# INSTRUCTIONS TO FOLLOW
If a record holds a picture, drop the picture and return the rest of the record word for word.

Saved data entries:
-------

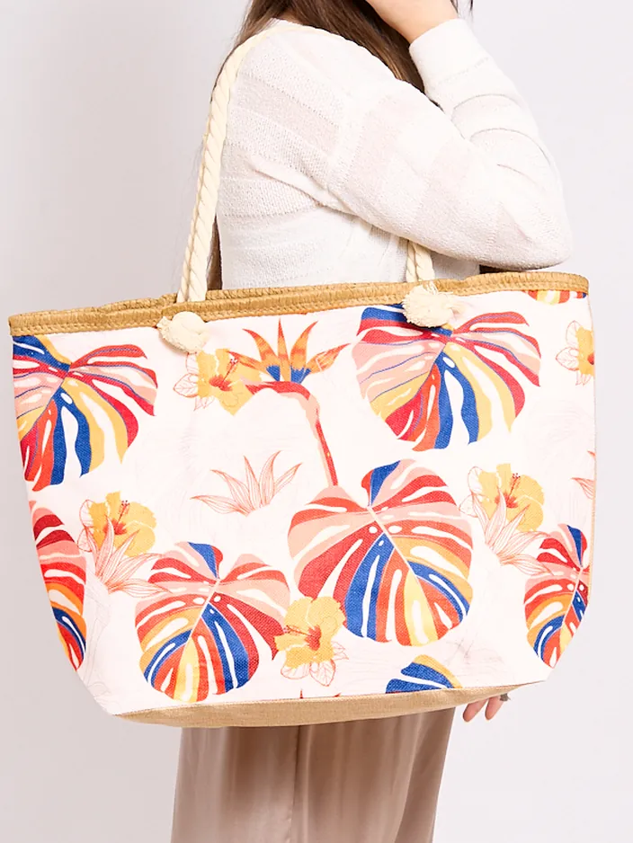 • Stylish fabric bag finished with a print. The bag has longer handles, closes with a zipper, and has 1 pocket inside. It is perfect for the beach!
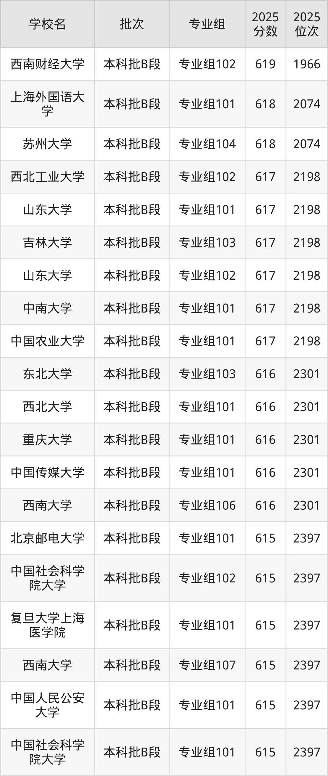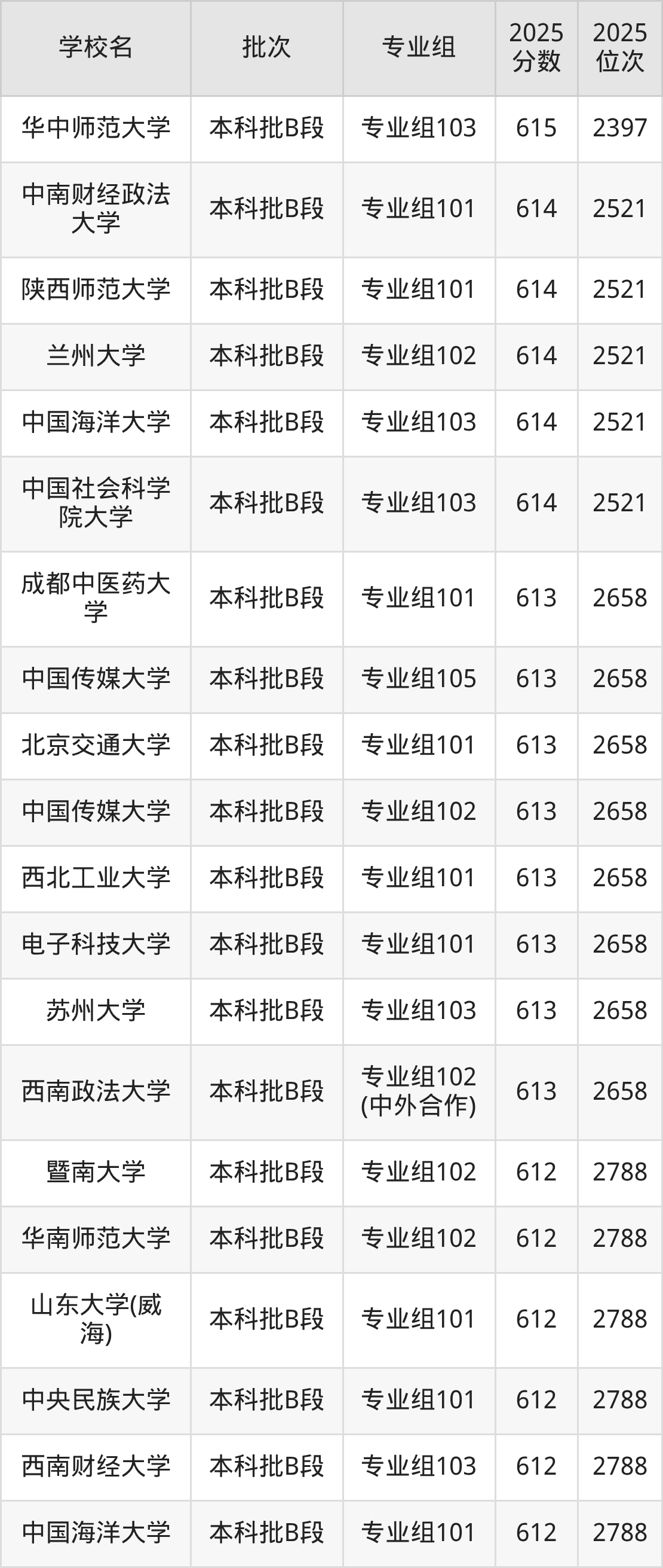 2025年四川高考历史类614分(2398名~2521名)能上的大学有中国社会科学院大学专业组103、中南财经政法大学专业组101、中国海洋大学专业组103、陕西师范大学专业组101等。
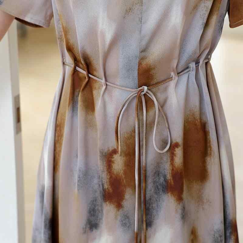 ワンピース レディース ミセス 春夏 シフォン 小花柄 Vネック Aライン 半袖 ミモレ丈 モダンチャイナ リゾート ゆったり さわやか お出かけ ポリエステル グレージュ
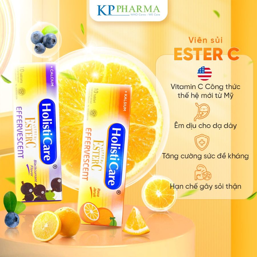 ✨ Ester C – một dạng của vitamin C kết hợp với Canxi, Vitamin C trở thành trung tính.
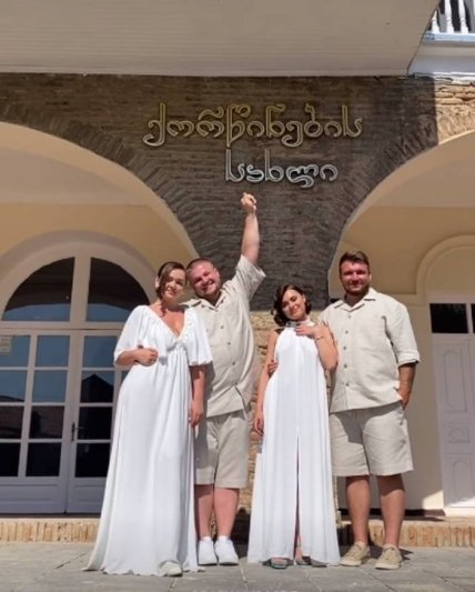 Роспись пары прошла в маленьком городке в восточной части Грузии - Сигнаги. Интересно, что поженились также и пара их близких друзей.
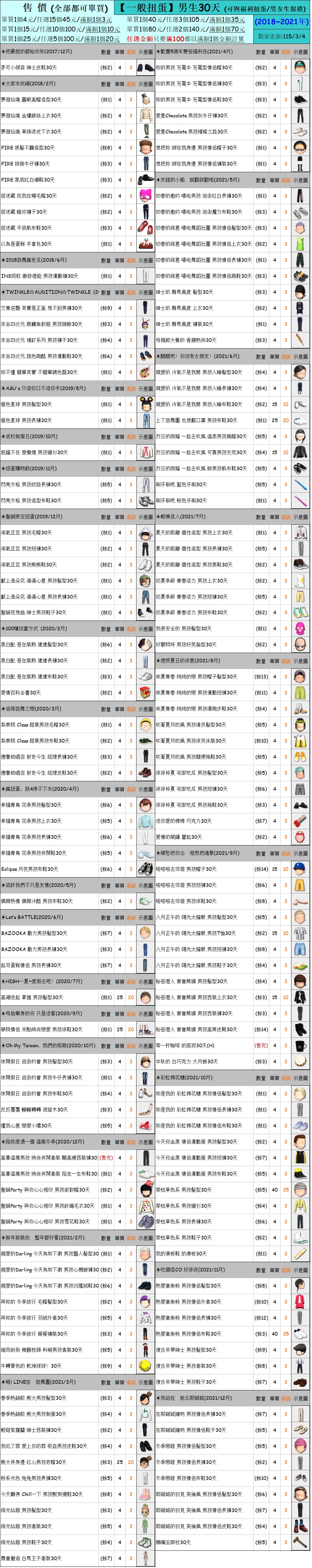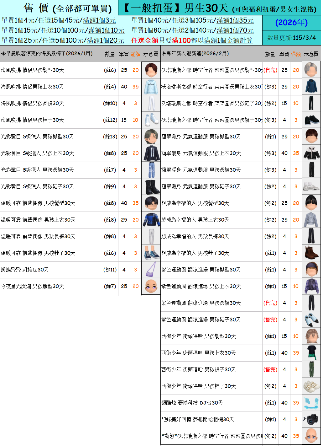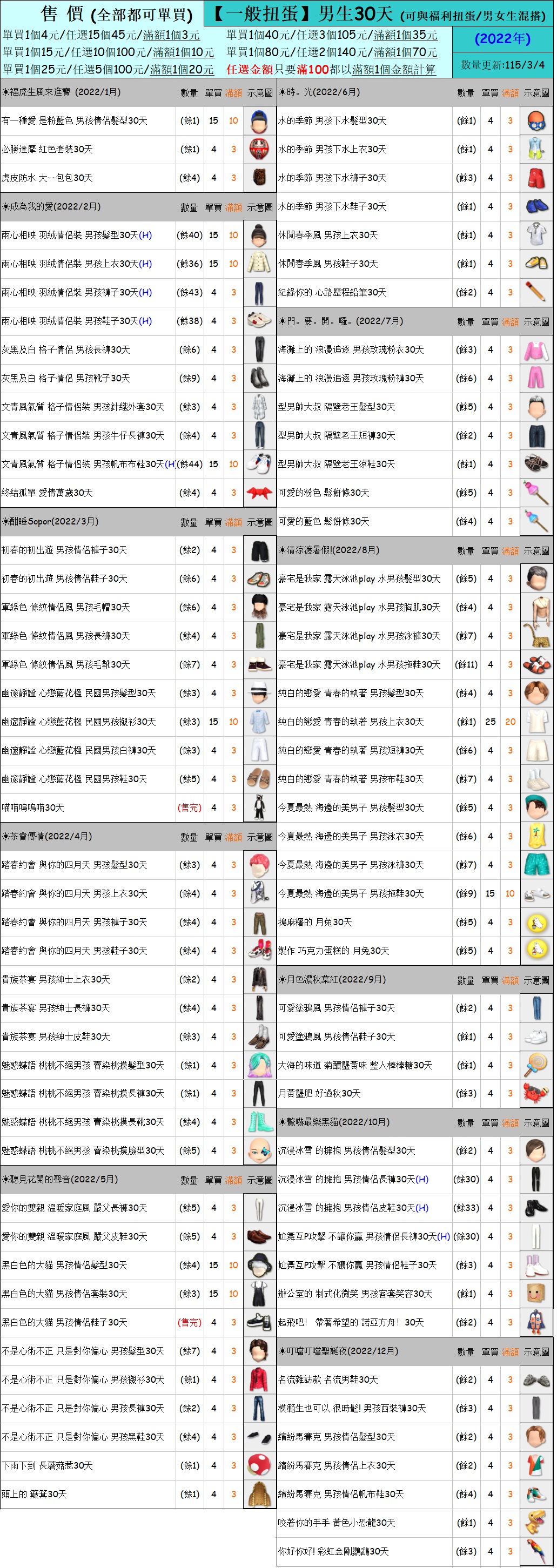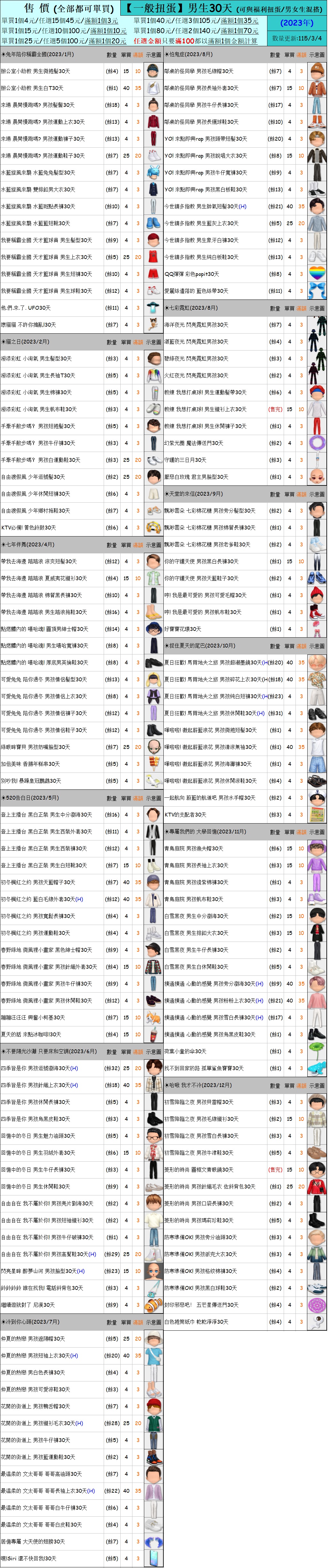 出清 [男生一般扭蛋30天] [115/3/4更新]

-------

# YOUR SOLUTION
 • Stylish fabric bag finished with a print. The bag has longer handles, closes with a zipper, and has 1 pocket inside. It is perfect for the beach!
 2025年四川高考历史类614分(2398名~2521名)能上的大学有中国社会科学院大学专业组103、中南财经政法大学专业组101、中国海洋大学专业组103、陕西师范大学专业组101等。
 ワンピース レディース ミセス 春夏 シフォン 小花柄 Vネック Aライン 半袖 ミモレ丈 モダンチャイナ リゾート ゆったり さわやか お出かけ ポリエステル グレージュ
 ✨ Ester C – một dạng của vitamin C kết hợp với Canxi, Vitamin C trở thành trung tính.
 Роспись пары прошла в маленьком городке в восточной части Грузии - Сигнаги. Интересно, что поженились также и пара их близких друзей.
 出清 [男生一般扭蛋30天] [115/3/4更新]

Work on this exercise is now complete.